[Saved data entries]
Start of Block

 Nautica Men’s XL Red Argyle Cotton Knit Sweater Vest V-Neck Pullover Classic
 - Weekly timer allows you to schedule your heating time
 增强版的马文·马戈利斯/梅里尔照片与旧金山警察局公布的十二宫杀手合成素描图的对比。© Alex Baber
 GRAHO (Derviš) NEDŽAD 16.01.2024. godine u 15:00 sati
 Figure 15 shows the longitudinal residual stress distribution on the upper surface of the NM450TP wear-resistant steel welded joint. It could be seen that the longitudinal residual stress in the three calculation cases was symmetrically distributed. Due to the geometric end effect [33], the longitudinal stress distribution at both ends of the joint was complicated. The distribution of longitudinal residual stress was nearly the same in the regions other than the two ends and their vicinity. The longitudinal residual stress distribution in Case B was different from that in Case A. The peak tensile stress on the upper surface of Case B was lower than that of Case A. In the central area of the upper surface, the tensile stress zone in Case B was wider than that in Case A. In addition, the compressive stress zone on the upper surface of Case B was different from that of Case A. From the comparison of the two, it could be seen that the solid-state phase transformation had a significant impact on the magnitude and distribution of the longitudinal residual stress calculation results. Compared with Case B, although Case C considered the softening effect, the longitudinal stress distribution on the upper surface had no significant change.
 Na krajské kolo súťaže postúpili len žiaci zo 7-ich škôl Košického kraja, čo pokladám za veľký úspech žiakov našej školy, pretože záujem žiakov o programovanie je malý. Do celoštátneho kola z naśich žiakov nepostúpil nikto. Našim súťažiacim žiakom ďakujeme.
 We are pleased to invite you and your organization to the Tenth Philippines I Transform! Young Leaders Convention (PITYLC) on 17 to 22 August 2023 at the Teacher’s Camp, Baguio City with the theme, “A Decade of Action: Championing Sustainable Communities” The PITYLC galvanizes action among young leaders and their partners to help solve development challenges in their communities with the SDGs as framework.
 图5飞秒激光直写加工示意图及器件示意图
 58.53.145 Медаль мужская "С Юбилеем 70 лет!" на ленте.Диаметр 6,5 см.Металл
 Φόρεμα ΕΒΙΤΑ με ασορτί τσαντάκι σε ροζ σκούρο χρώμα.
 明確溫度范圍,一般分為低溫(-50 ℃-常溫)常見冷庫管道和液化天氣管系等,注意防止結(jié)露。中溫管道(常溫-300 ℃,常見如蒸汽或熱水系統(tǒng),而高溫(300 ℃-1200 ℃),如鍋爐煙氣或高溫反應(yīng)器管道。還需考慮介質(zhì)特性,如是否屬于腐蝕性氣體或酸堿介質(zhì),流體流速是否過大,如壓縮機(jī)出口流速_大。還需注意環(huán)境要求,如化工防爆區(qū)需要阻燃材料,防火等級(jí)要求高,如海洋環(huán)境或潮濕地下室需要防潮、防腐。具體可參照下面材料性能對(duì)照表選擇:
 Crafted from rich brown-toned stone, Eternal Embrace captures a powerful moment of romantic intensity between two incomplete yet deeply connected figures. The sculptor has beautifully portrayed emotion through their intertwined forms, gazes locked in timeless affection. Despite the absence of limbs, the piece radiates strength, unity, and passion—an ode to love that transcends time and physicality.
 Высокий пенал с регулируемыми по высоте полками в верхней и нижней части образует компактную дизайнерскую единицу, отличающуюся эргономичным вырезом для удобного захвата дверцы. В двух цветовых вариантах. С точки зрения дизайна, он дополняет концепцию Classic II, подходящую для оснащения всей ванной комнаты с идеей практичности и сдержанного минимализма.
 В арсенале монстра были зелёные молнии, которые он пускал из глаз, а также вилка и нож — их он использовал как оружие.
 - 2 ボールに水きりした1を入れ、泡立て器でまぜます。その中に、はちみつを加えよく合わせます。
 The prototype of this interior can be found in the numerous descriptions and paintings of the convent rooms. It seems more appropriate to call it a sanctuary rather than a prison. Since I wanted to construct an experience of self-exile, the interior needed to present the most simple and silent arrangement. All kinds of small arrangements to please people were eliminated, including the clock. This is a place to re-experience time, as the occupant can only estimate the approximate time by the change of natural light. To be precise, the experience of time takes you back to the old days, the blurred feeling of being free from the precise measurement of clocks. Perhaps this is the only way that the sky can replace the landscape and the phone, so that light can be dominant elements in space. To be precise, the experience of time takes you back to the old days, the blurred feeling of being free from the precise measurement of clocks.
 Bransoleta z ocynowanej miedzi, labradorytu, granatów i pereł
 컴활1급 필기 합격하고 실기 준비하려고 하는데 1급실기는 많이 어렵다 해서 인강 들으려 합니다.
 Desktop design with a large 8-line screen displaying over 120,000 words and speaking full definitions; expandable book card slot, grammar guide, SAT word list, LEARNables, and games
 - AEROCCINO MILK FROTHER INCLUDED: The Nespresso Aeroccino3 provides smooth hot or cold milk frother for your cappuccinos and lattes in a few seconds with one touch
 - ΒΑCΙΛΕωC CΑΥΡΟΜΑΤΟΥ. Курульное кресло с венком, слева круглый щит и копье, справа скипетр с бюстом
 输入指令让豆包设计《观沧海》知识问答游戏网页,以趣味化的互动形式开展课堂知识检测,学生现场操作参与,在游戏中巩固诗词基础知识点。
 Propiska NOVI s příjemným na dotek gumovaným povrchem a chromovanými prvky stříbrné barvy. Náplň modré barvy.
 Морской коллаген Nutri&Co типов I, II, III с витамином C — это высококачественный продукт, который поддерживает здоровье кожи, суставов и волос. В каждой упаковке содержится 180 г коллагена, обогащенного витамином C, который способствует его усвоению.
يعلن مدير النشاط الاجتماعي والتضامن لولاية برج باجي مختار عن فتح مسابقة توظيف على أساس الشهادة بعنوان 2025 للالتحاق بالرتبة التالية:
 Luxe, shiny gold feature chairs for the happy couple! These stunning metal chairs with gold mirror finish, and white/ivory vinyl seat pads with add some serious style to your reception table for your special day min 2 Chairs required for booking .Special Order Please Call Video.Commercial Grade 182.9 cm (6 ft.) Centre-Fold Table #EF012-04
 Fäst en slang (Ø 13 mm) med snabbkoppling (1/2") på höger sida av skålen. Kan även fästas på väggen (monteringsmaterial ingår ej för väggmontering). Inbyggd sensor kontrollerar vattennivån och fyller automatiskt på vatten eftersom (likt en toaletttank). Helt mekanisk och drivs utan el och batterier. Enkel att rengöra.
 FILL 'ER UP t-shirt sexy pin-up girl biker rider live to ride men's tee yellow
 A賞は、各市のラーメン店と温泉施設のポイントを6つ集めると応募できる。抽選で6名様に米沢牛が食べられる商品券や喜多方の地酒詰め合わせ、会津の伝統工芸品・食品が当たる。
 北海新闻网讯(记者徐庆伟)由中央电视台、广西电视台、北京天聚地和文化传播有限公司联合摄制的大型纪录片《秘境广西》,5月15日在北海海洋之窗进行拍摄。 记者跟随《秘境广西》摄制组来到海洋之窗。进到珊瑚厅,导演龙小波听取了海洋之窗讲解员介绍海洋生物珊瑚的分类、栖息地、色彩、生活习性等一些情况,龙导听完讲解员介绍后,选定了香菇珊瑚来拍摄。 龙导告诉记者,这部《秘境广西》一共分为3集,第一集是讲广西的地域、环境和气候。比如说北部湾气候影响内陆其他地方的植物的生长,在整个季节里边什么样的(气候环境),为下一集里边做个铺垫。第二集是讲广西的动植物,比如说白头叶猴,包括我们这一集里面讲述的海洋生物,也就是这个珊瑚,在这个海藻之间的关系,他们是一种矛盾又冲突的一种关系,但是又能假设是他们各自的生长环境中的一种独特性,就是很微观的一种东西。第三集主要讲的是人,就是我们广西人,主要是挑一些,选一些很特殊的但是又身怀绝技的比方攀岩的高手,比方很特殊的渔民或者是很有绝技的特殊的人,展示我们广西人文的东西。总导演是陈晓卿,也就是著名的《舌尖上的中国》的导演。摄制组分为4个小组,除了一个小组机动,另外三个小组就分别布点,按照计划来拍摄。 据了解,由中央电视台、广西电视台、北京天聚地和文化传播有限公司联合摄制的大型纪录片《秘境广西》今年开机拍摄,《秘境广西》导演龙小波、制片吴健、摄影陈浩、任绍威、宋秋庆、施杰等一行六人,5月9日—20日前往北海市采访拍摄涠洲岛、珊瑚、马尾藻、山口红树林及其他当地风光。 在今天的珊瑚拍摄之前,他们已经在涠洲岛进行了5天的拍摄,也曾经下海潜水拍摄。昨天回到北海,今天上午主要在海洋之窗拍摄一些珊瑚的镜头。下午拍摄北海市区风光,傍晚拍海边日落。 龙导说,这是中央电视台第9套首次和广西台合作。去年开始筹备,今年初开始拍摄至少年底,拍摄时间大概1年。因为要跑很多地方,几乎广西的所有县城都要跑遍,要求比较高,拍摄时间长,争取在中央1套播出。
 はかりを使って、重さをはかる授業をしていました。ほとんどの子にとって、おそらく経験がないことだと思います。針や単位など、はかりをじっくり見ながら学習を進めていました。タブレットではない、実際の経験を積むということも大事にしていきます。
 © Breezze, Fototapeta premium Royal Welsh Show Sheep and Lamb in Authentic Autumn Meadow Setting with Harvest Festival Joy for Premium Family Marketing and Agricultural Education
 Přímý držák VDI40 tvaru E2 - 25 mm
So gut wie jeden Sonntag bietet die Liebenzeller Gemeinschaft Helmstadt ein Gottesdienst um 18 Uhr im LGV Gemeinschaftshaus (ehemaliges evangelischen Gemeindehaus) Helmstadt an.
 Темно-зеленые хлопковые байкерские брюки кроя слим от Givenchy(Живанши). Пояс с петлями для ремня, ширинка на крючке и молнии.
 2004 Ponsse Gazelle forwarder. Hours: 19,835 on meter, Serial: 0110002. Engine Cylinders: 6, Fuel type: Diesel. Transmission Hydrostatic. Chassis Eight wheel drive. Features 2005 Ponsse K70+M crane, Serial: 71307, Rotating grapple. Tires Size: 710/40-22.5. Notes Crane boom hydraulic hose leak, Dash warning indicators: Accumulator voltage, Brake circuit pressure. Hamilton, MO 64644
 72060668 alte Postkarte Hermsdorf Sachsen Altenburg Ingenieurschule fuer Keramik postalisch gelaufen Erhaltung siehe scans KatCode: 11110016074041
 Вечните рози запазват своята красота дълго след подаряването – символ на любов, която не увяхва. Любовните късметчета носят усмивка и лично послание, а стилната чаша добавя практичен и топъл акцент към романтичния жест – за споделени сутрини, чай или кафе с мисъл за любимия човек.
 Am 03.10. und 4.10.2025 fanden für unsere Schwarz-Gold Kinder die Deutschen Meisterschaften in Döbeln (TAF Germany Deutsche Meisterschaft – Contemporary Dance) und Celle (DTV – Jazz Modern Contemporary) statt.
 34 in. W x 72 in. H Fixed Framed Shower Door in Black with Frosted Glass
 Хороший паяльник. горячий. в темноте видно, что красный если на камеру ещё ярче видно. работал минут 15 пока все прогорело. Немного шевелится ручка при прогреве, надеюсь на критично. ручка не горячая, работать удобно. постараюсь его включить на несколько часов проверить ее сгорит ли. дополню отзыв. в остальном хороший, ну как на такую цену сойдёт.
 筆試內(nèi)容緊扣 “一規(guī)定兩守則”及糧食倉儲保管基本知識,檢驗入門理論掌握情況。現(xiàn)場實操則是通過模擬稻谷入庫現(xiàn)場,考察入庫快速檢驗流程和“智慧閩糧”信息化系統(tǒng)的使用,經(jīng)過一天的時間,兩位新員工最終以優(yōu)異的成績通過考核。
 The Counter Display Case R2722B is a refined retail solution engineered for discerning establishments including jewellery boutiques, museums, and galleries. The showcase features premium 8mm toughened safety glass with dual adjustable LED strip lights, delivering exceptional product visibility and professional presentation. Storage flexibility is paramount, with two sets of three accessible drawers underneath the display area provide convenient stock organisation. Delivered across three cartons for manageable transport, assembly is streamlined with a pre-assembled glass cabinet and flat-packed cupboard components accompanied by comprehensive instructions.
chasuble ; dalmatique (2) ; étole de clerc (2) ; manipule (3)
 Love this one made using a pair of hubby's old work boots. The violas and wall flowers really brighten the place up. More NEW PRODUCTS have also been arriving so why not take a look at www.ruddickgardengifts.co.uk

End of Block

_WHAT YOU ARE ASKED TO DO_: Working from the entries above, return all lines that contain "Classic".

_RESULT_:
 Nautica Men’s XL Red Argyle Cotton Knit Sweater Vest V-Neck Pullover Classic
 Высокий пенал с регулируемыми по высоте полками в верхней и нижней части образует компактную дизайнерскую единицу, отличающуюся эргономичным вырезом для удобного захвата дверцы. В двух цветовых вариантах. С точки зрения дизайна, он дополняет концепцию Classic II, подходящую для оснащения всей ванной комнаты с идеей практичности и сдержанного минимализма.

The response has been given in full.